I wanted to discuss and ask why this language is triggering for many when it is employed in this manner.

I get the concept as we have discussed often that telling a donor conceived person that they should be happy to just be alive is not a valid or helpful argument to ever make because it is not the issue. The issue is the manner of their creation and how that this constructed creation cuts off a donor conceived person from their biological parent, heritage, and needed medical family history.

I expect it's much the same concept here that the "wanted" construct is being used to circumvent any negative reaction to the knowledge that their donor conception did cause those connections to be broken. The feeling being that the "wanted" construct is just the first act to push children, some might argue brainwash them, into being good little commodities and accept their creation story when in fact they were created for the benefit of their recipient parents.

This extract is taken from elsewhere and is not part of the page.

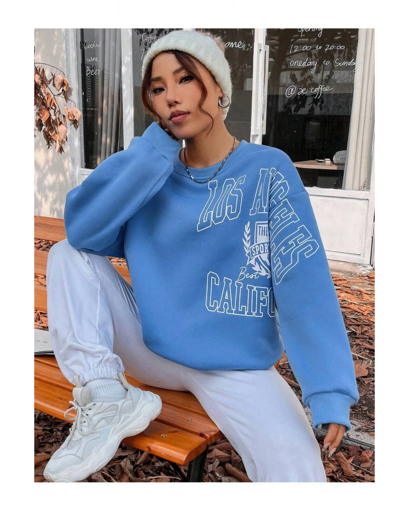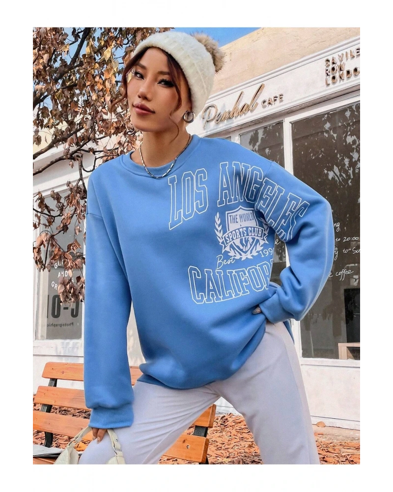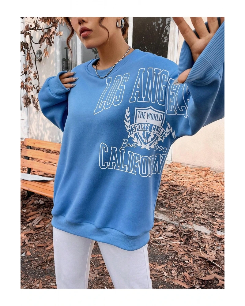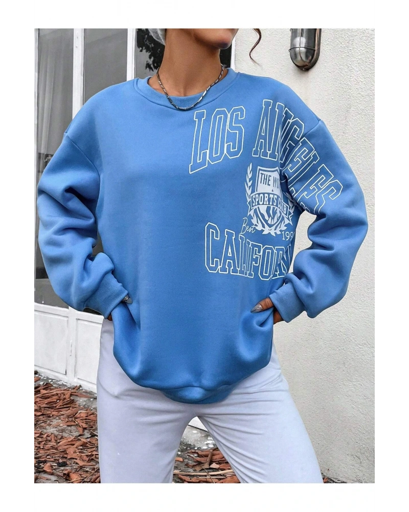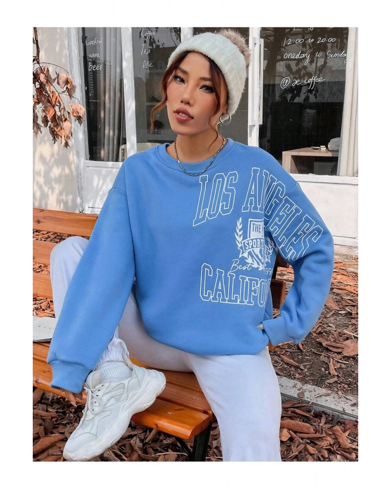 Los Angeles baskılı Üç İplik ünisex oversize Sweatshirt Füme
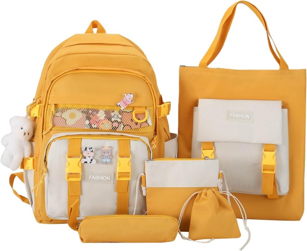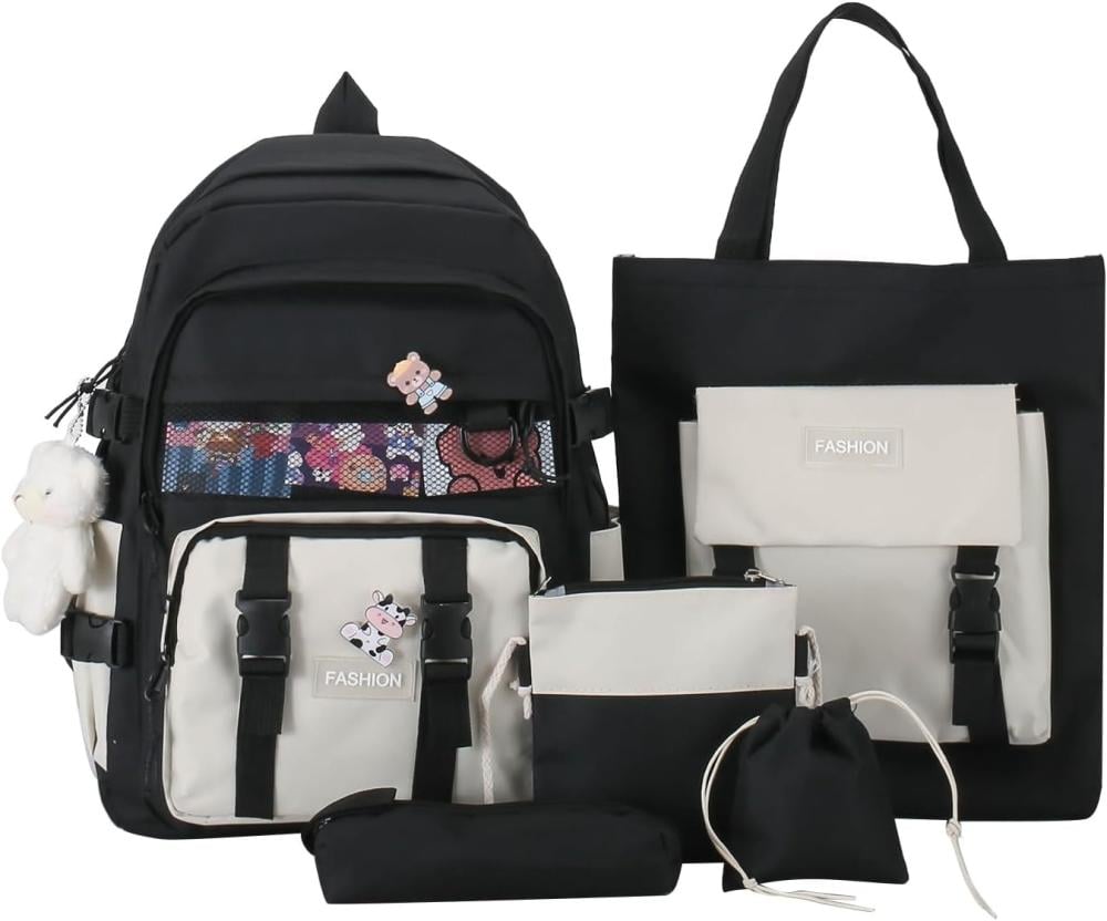 طقم شنط مدرسية 5 قطع – شنطة ظهر بطابع كرتوني أنيمي كيوت مع تنظيم عملي

I am writing this with language I have heard and read for years that I personally have felt a bit terse but I fully understand the intense feelings and arguments behind. Remember I am one of those recipient parents but one who has been trying to further the discussion so please forgive me this moment of reaction as I put forth my inquiry.

So I guess my question is have I accurately stated the objections to the "you were so wanted" construct used in kids books? Am I missing something else that recipient parents should understand and be able to address with their kids to fairly balance out the construct. I am sure a few psychologists out here can help with the theory in lay terms we can use to help our kids.